This is a call for us to implement per queue enable/disable. Virtio-mmio 
has such facility but virtio-pci only allow to disable a queue (not enable).


> "Reset"
> + * is not very suitable.
> + *
> + * The method here is that each sent chunk or chunk added to the rq queue is
> + * described by an independent structure struct virtnet_xsk_ctx.
> + *
> + * We will use get_page(page) to refer to the page where these chunks are
> + * located. And these pages will be recorded in struct virtnet_xsk_ctx. So these
> + * chunks in vq are safe. When recycling, put the these page.
> + *
> + * These structures point to struct virtnet_xsk_ctx_head, and ref records how
> + * many chunks have not been reclaimed. If active == 0, it means that xsk has
> + * been disabled.
> + *
> + * In this way, even if xsk has been unbundled with rq/sq, or a new xsk and
> + * rq/sq  are bound, and a new virtnet_xsk_ctx_head is created. It will not
> + * affect the old virtnet_xsk_ctx to be recycled. And free all head and ctx when
> + * ref is 0.


This looks complicated and it will increase the footprint.
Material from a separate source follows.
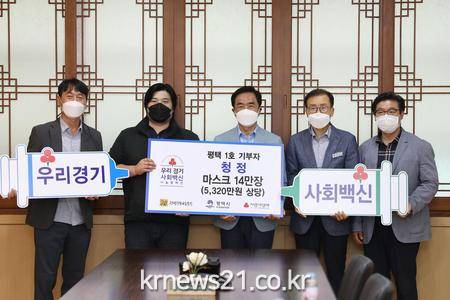 ▲ [사진제공 = 평택시]경기사회복지공동모금회(회장 이순선, 이하 경기사랑의열매)가 지난 6월 15일부터 오는 7월 31일까지 47일 동안 코로나19로 어려움을 겪는 재난취약계층을 돕기 위해 진행하고 있는 ‘우리 경기 사회백신’ 나눔캠페인 평택지역 1호 기부자가 탄생했다고 밝혔다.

Consider the 
performance penalty and the complexity, I would suggest to use reset 
instead.

Then we don't need to introduce such context.

Thanks


> + */
> +struct virtnet_xsk_ctx;
> +struct virtnet_xsk_ctx_head {
> +	struct virtnet_xsk_ctx *ctx;
> +
> +	/* how many ctx has been add to vq */
> +	u64 ref;
> +
> +	unsigned int frame_size;
> +
> +	/* the xsk status */
> +	bool active;
> +};
> +
> +struct virtnet_xsk_ctx {
> +	struct virtnet_xsk_ctx_head *head;
> +	struct virtnet_xsk_ctx *next;
> +
> +	struct page *page;
> +
> +	/* xsk unaligned mode will use two page in one desc */
> +	struct page *page_unaligned;
> +};
> +
> +struct virtnet_xsk_ctx_tx {
> +	/* this *MUST* be the first */
> +	struct virtnet_xsk_ctx ctx;
> +
> +	/* xsk tx xmit use this record the len of packet */
> +	u32 len;
> +};
> +
> +static inline void *xsk_to_ptr(struct virtnet_xsk_ctx_tx *ctx)
> +{
> +	return (void *)((unsigned long)ctx | VIRTIO_XSK_FLAG);
> +}
> +
> +static inline struct virtnet_xsk_ctx_tx *ptr_to_xsk(void *ptr)
> +{
> +	unsigned long p;
> +
> +	p = (unsigned long)ptr;
> +	return (struct virtnet_xsk_ctx_tx *)(p & ~VIRTIO_XSK_FLAG);
> +}
> +
> +static inline void virtnet_xsk_ctx_put(struct virtnet_xsk_ctx *ctx)
> +{
> +	put_page(ctx->page);
> +	if (ctx->page_unaligned)
> +		put_page(ctx->page_unaligned);
> +
> +	--ctx->head->ref;
> +
> +	if (ctx->head->active) {
> +		ctx->next = ctx->head->ctx;
> +		ctx->head->ctx = ctx;
> +	} else {
> +		if (!ctx->head->ref)
> +			kfree(ctx->head);
> +	}
> +}
> +
> +#define virtnet_xsk_ctx_tx_put(ctx) \
> +	virtnet_xsk_ctx_put((struct virtnet_xsk_ctx *)ctx)
> +
> +int virtnet_xsk_wakeup(struct net_device *dev, u32 qid, u32 flag);
> +int virtnet_poll_xsk(struct send_queue *sq, int budget);
> +void virtnet_xsk_complete(struct send_queue *sq, u32 num);
> +int virtnet_xsk_pool_setup(struct net_device *dev, struct netdev_bpf *xdp);
> +#endif